• _PROBLEM TO SOLVE_
Give back only the lines in the records below from the one with "Premium Neon Fried" to the one with "TNCC 9TH EDITION", both inclusive, word for word.

• _EXTRACTED RECORDS_

━━━━━━━━━━

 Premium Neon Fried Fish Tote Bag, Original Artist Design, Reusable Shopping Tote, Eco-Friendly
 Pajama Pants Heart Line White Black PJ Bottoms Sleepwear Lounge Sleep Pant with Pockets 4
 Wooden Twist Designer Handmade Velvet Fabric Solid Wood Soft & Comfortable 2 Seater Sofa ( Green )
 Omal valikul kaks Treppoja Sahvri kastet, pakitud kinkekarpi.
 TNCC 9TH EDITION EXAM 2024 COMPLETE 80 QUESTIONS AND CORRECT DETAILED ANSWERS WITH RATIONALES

━━━━━━━━━━

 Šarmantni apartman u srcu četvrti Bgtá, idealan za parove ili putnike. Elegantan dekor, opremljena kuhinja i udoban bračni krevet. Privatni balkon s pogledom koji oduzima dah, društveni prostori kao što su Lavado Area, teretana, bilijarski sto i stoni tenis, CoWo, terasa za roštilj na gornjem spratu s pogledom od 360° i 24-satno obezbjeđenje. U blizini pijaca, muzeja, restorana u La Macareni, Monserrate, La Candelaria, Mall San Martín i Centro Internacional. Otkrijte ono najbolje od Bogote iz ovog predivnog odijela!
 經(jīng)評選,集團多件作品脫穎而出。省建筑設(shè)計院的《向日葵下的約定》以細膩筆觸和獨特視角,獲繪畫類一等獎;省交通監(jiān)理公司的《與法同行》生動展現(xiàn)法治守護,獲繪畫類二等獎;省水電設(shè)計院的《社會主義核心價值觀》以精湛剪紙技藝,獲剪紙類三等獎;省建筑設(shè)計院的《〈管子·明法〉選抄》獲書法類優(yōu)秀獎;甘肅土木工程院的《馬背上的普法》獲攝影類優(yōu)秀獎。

━━━━━━━━━━

• _ANSWER SPACE_
 Premium Neon Fried Fish Tote Bag, Original Artist Design, Reusable Shopping Tote, Eco-Friendly
 Pajama Pants Heart Line White Black PJ Bottoms Sleepwear Lounge Sleep Pant with Pockets 4
 Wooden Twist Designer Handmade Velvet Fabric Solid Wood Soft & Comfortable 2 Seater Sofa ( Green )
 Omal valikul kaks Treppoja Sahvri kastet, pakitud kinkekarpi.
 TNCC 9TH EDITION EXAM 2024 COMPLETE 80 QUESTIONS AND CORRECT DETAILED ANSWERS WITH RATIONALES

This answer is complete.